Sad disclosure: I received the offer of the free app not too long after I ordered a hard copy of the 4th edition, which (AmE) set me back £32.99, and, at 1055 pages, takes up a pretty big chunk of valuable by-the-desk bookshelf (AmE) real estate. I bought that book AFTER FORGETTING that just weeks before, hoping to avoid the real-estate incursion, I'd bought the e-book edition for a (orig. AmE) hefty $34.99. So, although I got the app for free, I expect to get my money's worth!!
So far, the app works beautifully, and is so much easier to search than a physical book. Mainly, I've used it for searching for items with AmE/BrE differences. I also used it to argue back to a
Reviewer 2 who was trying to (not
and!) (orig. AmE)
micromanage aspects of my usage that don't seem to have any prescriptions against them (their absence in GMEU was welcome). (Reviewer 2 did like our research, so almost all is forgiven.)
GMEU didn't have everything I looked up (see the post on
lewd), but that's probably because those things are not known usage issues. I had just wondered if they might be. But where I looked up things that differed in BrE and AmE, the differences were always clearly stated. Here is a screenshot of
try and:
Garner's book is so big because it's got lots of real examples and useful numbers, as you can see in this example. Nice features of the app, besides easy searchability, include the ability to save entries as 'favorites', tricky quizzes (which tell me I qualify as a "
true snoot"), and all the front matter of the book: prefaces, linguistic glossary, pronunciation guide, and Garner's essays about the language.

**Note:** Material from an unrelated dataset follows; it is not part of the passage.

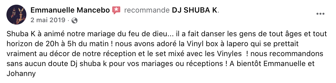 Imagine que juste après avoir passé ces 30 jours avec moi, deux jeunes amoureux décident de te faire confiance pour animer le plus beau jour de leur vie…

The search feature gives only hits for essay topics and entry headwords. That is probably all anyone else needs. I'd like to be able to search, for instance, for all instances of British and BrE to find what he covers. But I guess that's what I can use my ebook for...
Over the course of his editions and his work more generally, Garner has included more and more about British English, but at its heart, GMEU is an American piece of work. Other Englishes don't really (BrE) get a look-in (fact, not criticism). I very much recommend the app for American writers, students, and editors, but also for British editors, who are often called upon to work on American writers' work or to make British work more transatlantically neutral.